Band 3 Missense Mutations and Stomatocytosis: Insight into the Molecular Mechanism Responsible for Monovalent Cation Leak

1Institut de Biologie du Développement et Cancer, UMR6543, CNRS, 28 Avenue Valrose, 06108 Nice Cedex 2, France
2Institut de Biologie du Développement et Cancer, Université de Nice, 06108 Nice Cedex 2, France

Received 6 April 2011; Revised 27 May 2011; Accepted 29 May 2011

Academic Editor: Lars Kaestner

Copyright © 2011 Damien Barneaud-Rocca et al.

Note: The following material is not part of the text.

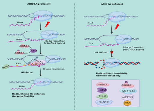 本研究首先证实了RNase H1RNase H1更倾向结合带有m6A甲基化修饰的R-Loop,并推动R-Loop的分解以促进DSB的DNA末端切除,从而确保基因组的稳定性。机制上,该团队鉴定出ARID1A在响应DNA损伤应激时快速识别R-Loop并进一步招募RNA甲基转移酶METTL3/14,从而驱动R-LoopRNA发生m6A修饰。功能研究显示ARID1A及METTL3的缺失会导致R-Loop积累,同时ARID1A-METTL3信号轴缺陷的细胞对基因毒性疗法更加敏感。鉴于异常表达的ARID1A与肿瘤患者对基因毒性疗法的耐药性有关,这些发现为探索针对ARID1A异常表达癌症的治疗提供了潜在新策略(具体工作模式图如下)。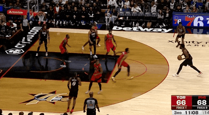 NBA常规赛,76人对阵猛龙的比赛正在进行中。

This is an open access article distributed under the Creative Commons Attribution License, which permits unrestricted use, distribution, and reproduction in any medium, provided the original work is properly cited.

Abstract

Missense mutations in the erythroid band 3 protein (Anion Exchanger 1) have been associated with hereditary stomatocytosis. Features of cation leaky red cells combined with functional expression of the mutated protein led to the conclusion that the AE1 point mutations were responsible for N a + and K + leak through a conductive mechanism. A molecular mechanism explaining mutated AE1-linked stomatocytosis involves changes in AE1 transport properties that become leaky to N a + and K + . However, another explanation suggests that point-mutated AE1 could regulate a cation leak through other transporters. This short paper intends to discuss these two alternatives.